[Records from a dataset]

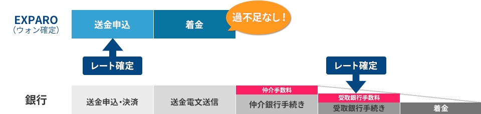 申込時に為替レートを確定するため、送金申込時にご希望のウォン送金額を過不足なく送金することができます。
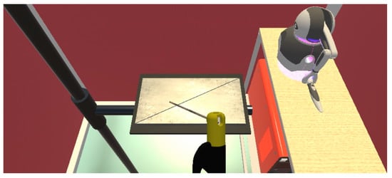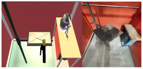 The main camera shows the user’s point of view and remains static throughout the simulation. Its position emulates the visual perspective of a welder inside a real welding booth in the university laboratory; Figure 5 shows the comparison of the real cabinet and the virtual one.
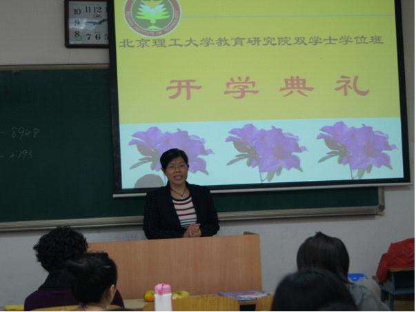 2012年10月13日早9:00,在中关村校区3号楼311教室,教育研究院和教务处联合举行了我校首届教育学双学士学位班中关村校区的开学典礼。二十余名新同学参加了此次典礼。教务处曹峰梅副处长、教育研究院庞海芍书记、教育研究院学科责任教授马永霞教授、双学位项目负责人郜岭老师、任课教师张建卫老师、靳贵珍老师、包海芹老师、教学干事双学位班主任张国利老师出席典礼仪式。
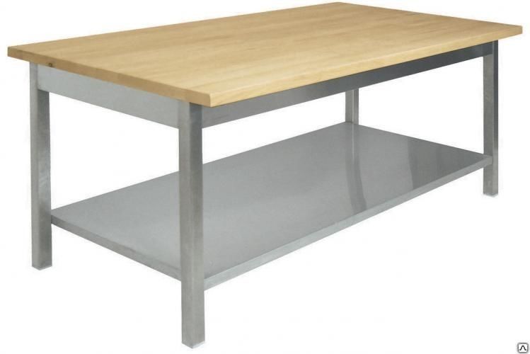 Стол кондитерский СКП 1500*800*850 полка сплошная нерж, столешница бук 40мм, каркас сварной труба нерж.
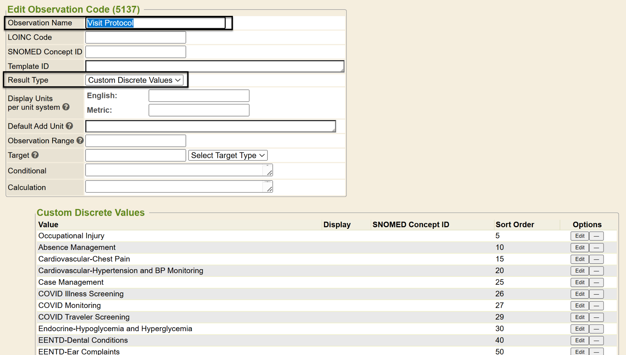 For protocols to show as selections in the Chief Complaint section of the dynamic Visit Encounter, the system needs to have an observation named: Visit Protocol This is done via the sidemenu tab Control, then to Observation Codes tab, then search to make sure one doesn’t exist already. If it does exist already, you will skip to just add protocol selection choices to this existing observation in the discrete values section of the Visit Protocol observation.

▶ Brief
Please write out, word for word, only the lines from the one holding "2012年10月13日早9:00,在中关" through the end of the records above, with both end lines included and the pictures dropped.

▶ Response to the task
 2012年10月13日早9:00,在中关村校区3号楼311教室,教育研究院和教务处联合举行了我校首届教育学双学士学位班中关村校区的开学典礼。二十余名新同学参加了此次典礼。教务处曹峰梅副处长、教育研究院庞海芍书记、教育研究院学科责任教授马永霞教授、双学位项目负责人郜岭老师、任课教师张建卫老师、靳贵珍老师、包海芹老师、教学干事双学位班主任张国利老师出席典礼仪式。
 Стол кондитерский СКП 1500*800*850 полка сплошная нерж, столешница бук 40мм, каркас сварной труба нерж.
 For protocols to show as selections in the Chief Complaint section of the dynamic Visit Encounter, the system needs to have an observation named: Visit Protocol This is done via the sidemenu tab Control, then to Observation Codes tab, then search to make sure one doesn’t exist already. If it does exist already, you will skip to just add protocol selection choices to this existing observation in the discrete values section of the Visit Protocol observation.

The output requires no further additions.